Wagon Train got a gig for a while, I only managed one episode of that.  I can't believe we thought that was so great back then, my gawd it was corny.

Gimme new stuff.


----------



## Vivjen (Jan 28, 2014)

My kids still watch the A-team, and Knightrider!

The only things I really enjoy re-watching are things like Brideshead revisited, and the original John le Carres. Very British of course!


----------



## Old Hipster (Jan 28, 2014)

I still like seeing old TV shows from the 1950's-early 60's. 

Andy Griffith show is still golden to me, the first few years in black and white, Barney was on there and Floyd the Barber, Barney left after 2 or maybe 3 seasons. I'm too lazy to go to google and find out for sure. After Barney left and then Goober showed up, it went down hill rapidly.
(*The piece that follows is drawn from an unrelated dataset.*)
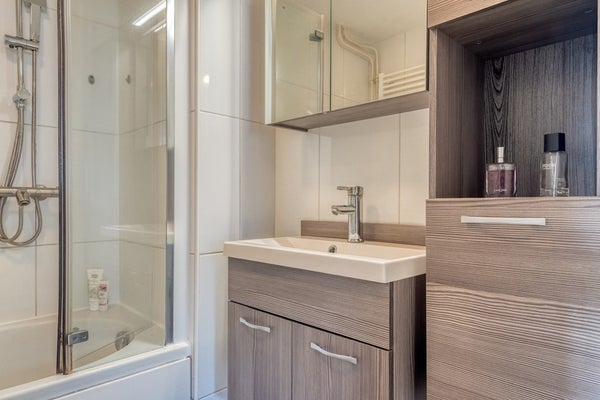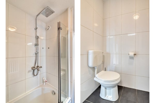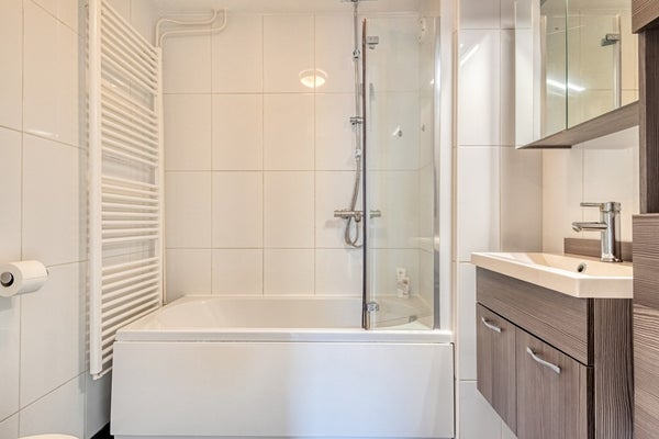 Kom na een dag werken tot rust in de badkamer. De badkamer is afgewerkt met een betegelde vloer, betegelde wanden en een spuitwerk plafond. De badkamer is voorzien van een 2e toilet, wastafel, ligbad met douche en mechanische ventilatie.

Oh I know it's later but Laverne and Shirley, that got old and also Happy Days was never funny enough for me. Can't watch Kojak.


----------



## Ina (Jan 28, 2014)

We are just starting to get English programs lately. I find the different slangs fun to figure out.


----------



## Diwundrin (Jan 28, 2014)

The old UK coppers shows are getting late night gigs here at the moment. Gideons Way etc.  Wasn't a great fan originally and life's too short to watch them again but they were very popular with most, probably still are with many.  The Avengers and Dangerman have been running recently. Loved 'em then, can't watch them now.  Over it.

Couldn't handle Brideshead again.  My god that was hard work enough to watch back in the day.  I really didn't give a rats what happened to any of them.  Expensively produced soap opera.


----------



## Diwundrin (Jan 28, 2014)

Ina said:


> We are just starting to get English programs lately. I find the different slangs fun to figure out.



You'll know you've graduated when you can follow the dialogue of Taggart!  Those Scottish murrrrrdahs and crime shows are like watching foreign language movies with no subtitles.


----------



## Vivjen (Jan 28, 2014)

That has become a catchphrase over here....we have a murrrdrrrr!
l
going out to dinner with two Scots on Saturday; that will get my ear in again!


----------



## Vivjen (Jan 28, 2014)

I first watched Castle in NZ!


----------



## Ina (Jan 28, 2014)

Di, I can't wait. I even have a T-shirt that says, "The Truely Educated Never Graduate." Bring on the UK slang.


----------



## Pappy (Jan 28, 2014)

Finding Bigfoot. It's the same thing week after week except for the location. Shhhhh...that's gotta be a Squatch. :bashcomp:


----------



## That Guy (Jan 29, 2014)

All of them.  But, I watch anyway.  It is the boobtoob after all...


----------



## SifuPhil (Jan 29, 2014)

If it's trending on Twitter or frequently discussed on Facebook I probably won't like it. To me, most of what is "new and wonderful" is garbage.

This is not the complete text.